Today's Times reports that Ashcroft claims opponents of his policies "only aid terrorists." This is tanatamount to accusing them of treason, which is typically defined as "giving aid and comfort" to the nation's enemies. Mr. Ashcroft is clealry living in some kind of neo-Stalinist dreamworld, precisely like that he invokes for those who think there will be no more 911's. He demonstraates a fatal misunderstanding of democracy and its workings.

It is time to bring home to him the fundamental truth of the way of life he pretends to support. It is time for a new Un-American Activities Committe, this one fielded by citizens. Its aim must be to protest and prevent this kind of autocratic bullying on the part of those who pretend to serve us. Let us re-educate our government by every available peaceful means.

I'm not sure who it is I quote in saying "if this be treason, make the most of it," but it's a sentiment I must adopt.

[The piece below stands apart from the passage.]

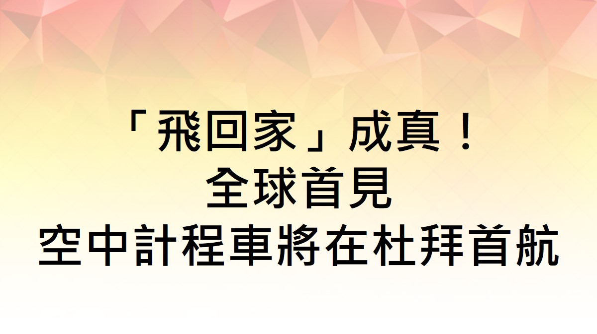 空中計程車要來啦!杜拜又將有一項新奇體驗,5年內在杜拜首航。全球第一架允許載客的自動駕駛「空中計程車」,預計5年內完成各項測試出現在杜拜上空!

Tristan Traviolia - 12/7/2001

The bottom line is that our elected officials are required to protect us. Can they completely protect us while perfectly respecting civil liberties? NO. Do the American people demand complete protection? Absolutely. The American people are willing to sacrifice an enormous amount of civil liberties in times of conflict to obtain as complete a protection from foreign aggression as possible. I wish there was a geographic realm where we could put those more interested in civil liberties than bodily safety. I wonder how long they would choose freedom for terrorists in their midst over the safety of their children going to school in the morning? Unless you believe there were only nineteen terrorists in America on September 11 then there are terrorists in our midst. I demand that the government protect my family from these terrorists at "virtually" any cost. I would like to know how I will receive the best possible protection without infringing the rights of some innocent people. I am not willing to sacrifice the lives of my family or loved ones in the cause of respecting civil liberties completely during a time of conflict with an enemy as insidious as Bin Laden's suicide bombers.